= Three Bs =

Phrase

"The Three Bs" generally refers to the supposed primacy of Johann Sebastian Bach, Ludwig van Beethoven, and Johannes Brahms in classical music. It was derived from an expression coined by Peter Cornelius in 1854, which added Hector Berlioz as the third B to occupy the heights already occupied by Bach and Beethoven. Later in the century, conductor Hans von Bülow substituted Brahms for Berlioz.

==Origins==
In an article in the Berliner Allgemeine Musikalische Zeitung in 1854, Cornelius introduced Berlioz as the third B, concluding his article with the cheer, "Bach, Beethoven, Berlioz!"
Niccolò Paganini had even earlier (1838) identified Berlioz as the worthy successor of Beethoven. Hans von Bülow, two years before Cornelius' article, called Berlioz "the immediate and most energetic successor of Beethoven".

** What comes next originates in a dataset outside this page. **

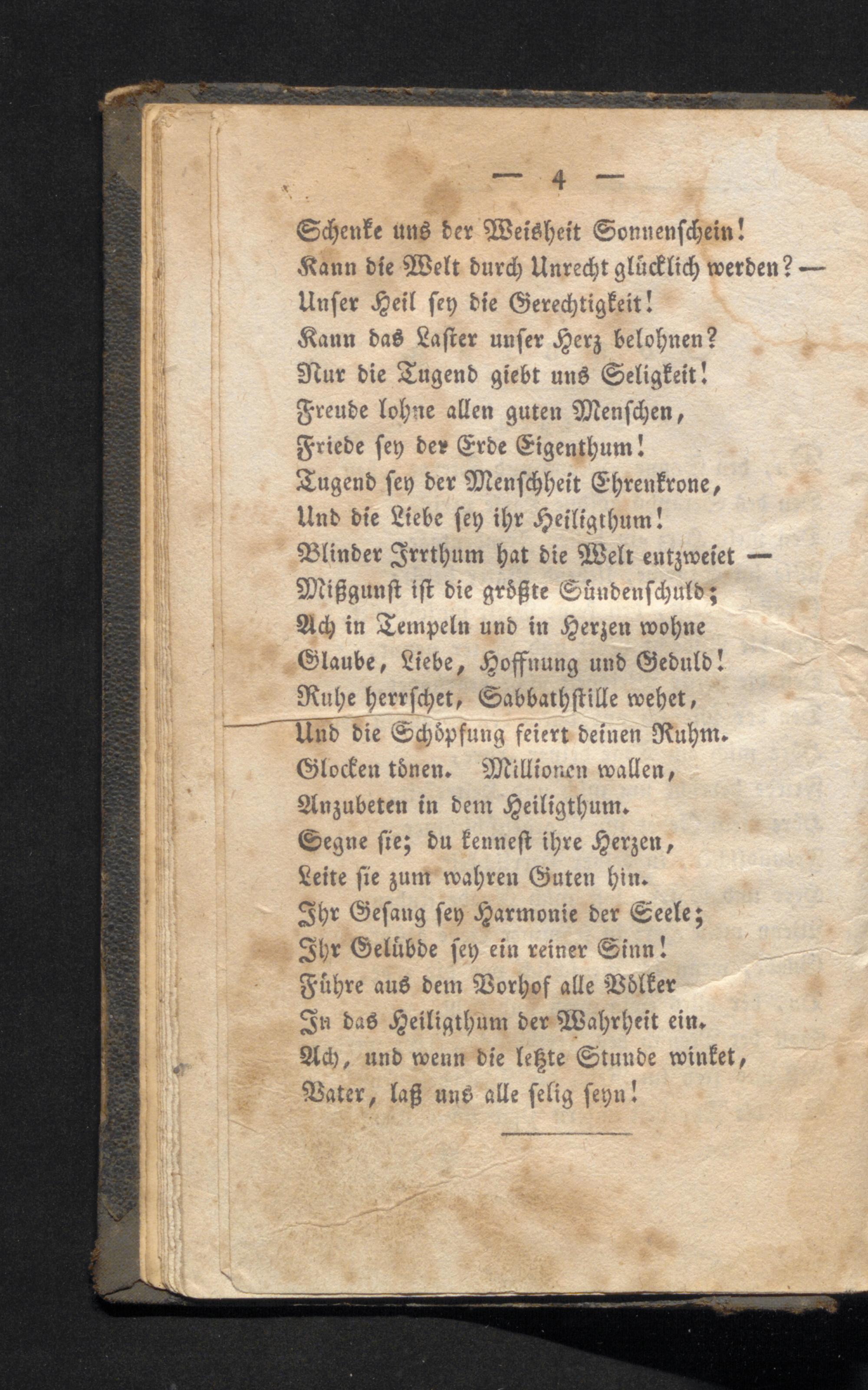 Unser Heil sey die Gerechtigkeit! Kann das Laster unser Herz belohnen? Nur die Tugend giebt uns Seligkeit! Freude lohne allen guten Menschen, Friede sey der Erde Eigenthum! Tugend sey der Menschheit Ehrenkrone, Und die Liebe sey ihr Heiligthum! Blinder Frrthum hat die Welt entzweietMißgunst ist die größte Gündenschuld; Ach in Tempeln und in Herzen wohne Glaube, Liebe, Hoffnung und Geduld! Ruhe herrschet, Sabbathstille wehet, Und die Schöpfung feiert deinen Ruhm. Glocken tonen. Millionen wallen, Anzubeten in dem Heiligthum. Gegne fie; du kenneft ihre Herzen, Leite sie zum wahren Guten hin. Ihr Gesang sey Harmonie der Seele; Ihr Gelübde sey ein reiner Sinn! Führe aus dem Vorhof alle Völker In das Heiligthum der Wahrheit ein. Ach, und wenn die letzte Stunde winket, Bater, laß uns alle selig seyn!

Decades later, Bülow composed the following pun to a friend: "Mein musikalisches Glaubensbekenntniss steht in Es dur, mit drei B-en in der Vorzeichnung: Bach, Beethoven, und Brahms!" B, in German, stands for the note B♭ as well as for the flat sign. The remark may be translated, roughly, as "My musical creed is in the key of E-flat major, and contains three Bs [flats] in its key signature: Bach, Beethoven, and Brahms!" Bülow had been attracted to the idea of a sort of Holy Trinity of classical music for a number of years, writing in the 1880s: "I believe in Bach, the Father, Beethoven, the Son, and Brahms, the Holy Ghost of music". He further linked Beethoven and Brahms by referring to the latter's First Symphony as Beethoven's Tenth (though Brahms disliked the comparison, thinking it implied plagiarism rather than the homage he had intended).

==Later developments==
The lyricist Ira Gershwin suggested that the Three Bs should be expanded to five with the addition of Irving Berlin and Burt Bacharach.

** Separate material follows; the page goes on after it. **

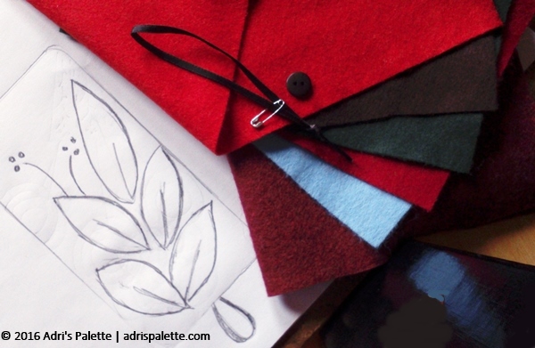 I decided upon a design of simple leaves and just a touch of embroidery. A touch, because I’d like the focus to be on the colors, not the design itself. I wanted the colors to be harmonious, yet have something of the unexpected. I researched some color designs on Color Collective (if you ever need inspiration on color harmonies you have to see this site) and fell in love with the concept of adding a shock of aqua blue to the earth tones, the reds. The base felt I chose for the cozy is a rich, dark berry color. Complementing it the other felts are in the red color family that ultimately create an ombre effect. And then there will be a leaf in (my favorite) aqua color.

In the 21st century, David Matthews suggested that if there was a "Fourth B" added to this legacy, it could be Benjamin Britten.

==In popular culture==
- In a Peanuts strip (published February 22, 1952), when Schroeder is seen composing on the piano, Charlie Brown says "You've heard of Bach, Brahms, and Beethoven, right? Well from now on it's going to be Schubert, Schumann, and Schroeder."